Learning from disaster

On January 28th, 1986, the Space Shuttle Challenger broke apart shortly after launch, leading to the death of all seven crew members, including civilian Christa McAuliffe who was to be the first schoolteacher in space.

A presidential commission was established to discover the cause of failure. Richard Feynman, Nobel prize-winning physicist, agreed to serve. Feynman’s direct questioning style, his public clashes with the commissioner Mr. Rodgers, and a science experiment he performed in front of the televised commission added drama to an investigation which was already of enormous public interest.
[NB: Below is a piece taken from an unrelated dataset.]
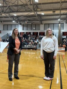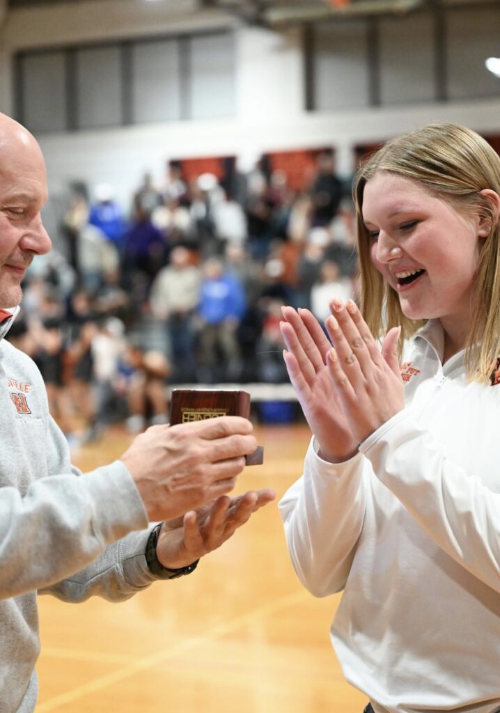 On Friday night during halftime of the Wellsville basketball game, Oswald was honored for three state championships during a ring ceremony.Kaylee was the NYSPHSAA State Champion in the shot put in 2023, 2024 and 2025 and is the only Wellsville athlete to ever win more than one state championship.

I recently read Feynman’s account of the investigation in the book, “What Do You Care What Other People Think?” and I found the story both thought-provoking and frightening. The commission discovered that engineers had asked to delay the launch, because they were concerned that rubber O-ring seals in the rocket boosters were not tested or verified under the unusually low temperatures on the morning of January 28th. The objections were not heeded by the officials who made the final launch decision.

Unusually for a commission member, and to the dismay of chairman Rodgers, Feynman insisted on regular visits in person to the offices and laboratories of NASA and their contractors, where he learnt all he could about the shuttle and the various design issues. The concerns about the O-rings were quickly discovered. During a commission meeting, Feynman dropped a piece of an O-ring into a glass of ice water to demonstrate that cold caused the rubber to become rigid. Rubber that won’t expand will not effectively seal, which allowed gas to leak and caused the disintegration of the shuttle under unexpected forces.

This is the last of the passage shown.